Зойка и Пакетик
Шрифт:
– Привет!
– Привет! Что не была так давно? Заучилась?
– Да как сказать…
– Да вот так и говори, как есть.
Зойка уселась на кушетку. Как хорошо, как уютно ей в этом маленьком закутке. Какие хорошие глаза у Игоря, какие красивые руки! И чувство, будто все-все про тебя знает, а тебе от этого совсем не плохо, не стыдно. Сейчас она ему расскажет про дневник, про Анюту…
Но не тут-то было! В дверь просунулась старушечья голова:
– Доктор! Я перрон подметала, а там человек валяется.
– Зой, ты посидишь, меня дождешься, ладно? Я тогда закрывать не буду. Думаю, недолго.
У Зойки испортилось настроение. Вот всегда так! Только станет хорошо, как что-то тут же должно вломиться в это хорошее.
Она сначала сидела, нахмурившись, на кушетке, затем подошла к стеклянному шкафчику и стала изучать стоящие там лекарства. Эфир… Кто-то у нее просил достать эфир. Кто-то из барачных. То ли Наиль, то ли Бомбейка? Точно, Наиль. “Вату к носу, морду в целлофан - м полный балдеж”.
У Зойки часто забилось сердце. Она приоткрыла дверь, выглянула в зал - Игоря не было видно. Ловким движением открыла шкафчик, взяла флакон, сунула в сумку и, дернув замок-молнию, перевела дыхание. Затем, услышав шаги, вышла навстречу Игорю.
– Игорь, ты чего так долго? Еле дождалась. Пора! Побежала. До следующего!

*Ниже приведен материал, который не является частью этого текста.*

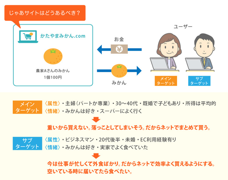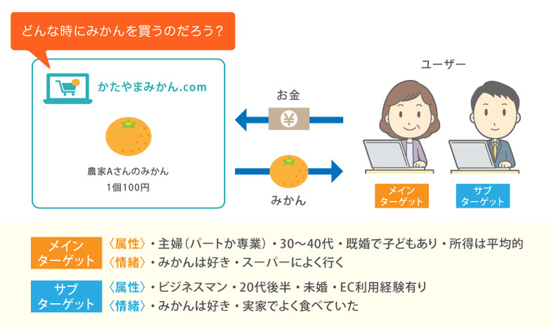 We'll set a main target and a sub-target. Since more housewives are buying online and having it delivered these days, let's tentatively set the main target as housewives shopping for groceries and the sub-target as people like me, a salaryman in my 20s. This gives us the following:

В бараке ей так шумно обрадовались, что Зойка даже растрогалась. Бомбейка лезла целоваться, Зойка брезгливо увертывалась.. Наиль хлопал в ладоши, наливал бормотуху, которую Зойка сроду не пила, предлагал анашу, от которой она раз и навсегда отказалась, называл дорогой кентухой. На одеяле, свернувшись калачиком, спали Сафар и Пакетик. Гриши не было.
– Пропал Гришка!
– весело сообщил Наиль.
– мы думали, вы вместе решили с нами не водиться, а ты, значит, не знаешь. И Шведа тоже нет. Мы заскучали. Вот вчера я малость разжился, а то насухую все. К тебе боялся идти, а телефона не знаем. Ты, слышь, дай телефон, а?

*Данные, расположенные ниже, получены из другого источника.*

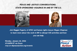 Maggie Fogarty joined the staff of AFSC-NH in 2007 when she and her family returned to the U.S after living and working for several years in Bolivia. Her work is dedicated to movement building for economic justice, racial justice, immigrant rights and nonviolence. She is the co-convener of the NH Immigrant Rights Network and NH Voices of Faith, facilitator for the Seacoast Interfaith Sanctuary Coalition, and co-leader of the NH Immigrant Visitation Program.

Зойка молча слушала эти излияния. Мгновенная растроганность ушла, хорошее настроение не возвращалось. Она швырнула под ноги Наиля пузырек с эфиром: разобьется - пусть разобьется. Он не разбился. Зойка повернулась и, ничего не объясняя, ушла.
На следующее утро ей не захотелось идти в школу. Она вообще не любила школу, но иногда это находило как приступ, и по опыту знала - тут уж она через себя не переступит. День-другой придется посимулировать. Встала, пошатываясь, в ночной рубашке, рукой обхватив горло. Сипло спросила:
– Мама, где у нас сода? Что-то не продохну. Боль страшная.

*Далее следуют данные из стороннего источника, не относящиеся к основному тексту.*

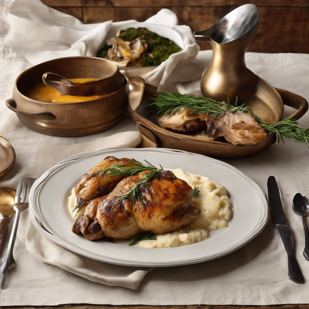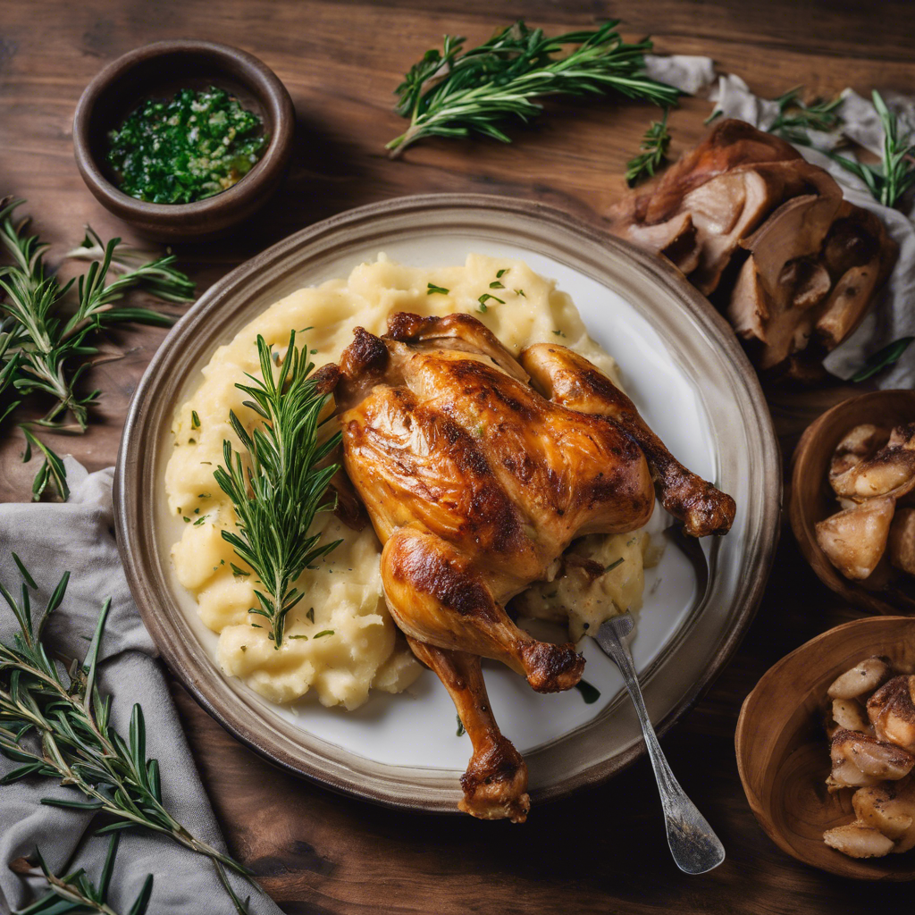 The history of Rosemary Roasted Chicken with a side of creamy mashed potatoes dates back to the rustic kitchens of Tuscany, Italy. Renowned for its simplicity and robust flavors, this dish has become a staple in Italian and Mediterranean cuisine. The succulent chicken is infused with the earthy aroma of fresh rosemary, creating a tantalizing blend of flavors. Paired with creamy mashed potatoes, it offers a comforting and satisfying meal. Chefs across the globe have put their own spin on this classic, but the key lies in using high-quality, organic ingredients and mastering the art of roasting to perfection. For the best version of this dish, head to traditional Italian trattorias or family-owned restaurants where the authenticity of the recipe shines through. The secret to achieving the perfect balance lies in the careful selection of rosemary and the slow roasting process, ensuring the chicken is tender and juicy. Whether it's a cozy family dinner or a special occasion, Rosemary Roasted Chicken with creamy mashed potatoes is a timeless favorite that never fails to impress.

Остальное все отработано. Мама дает наставления, папа кипятит молоко, мешает его с боржоми, стоит над душой, чтобы пила горячее. Затем уговаривает сделать компресс. Зойка соглашается, но все в ней уже дрожит от злости, она почти на срыве, ей хочется остаться одной.
Но когда папа уже стоит на пороге, она неожиданно окликает его, просит присесть рядом, заглядывает в глаза:
– Папа, скажи, если бы вы с мамой решили разойтись…
Папа смотрит оторопело, затем освобождает свою руку из руки дочери. Говорит глухо:
– Мы не разойдемся.
– Нет, ты дослушай меня, пожалуйста. Представь, что все-таки разошлись бы. Ты захотел бы оставить меня с собой? Или с мамой?
– Мы не разойдемся…
– Господи! Как с вами трудно! Но могут же люди порассуждать на отвлеченные темы?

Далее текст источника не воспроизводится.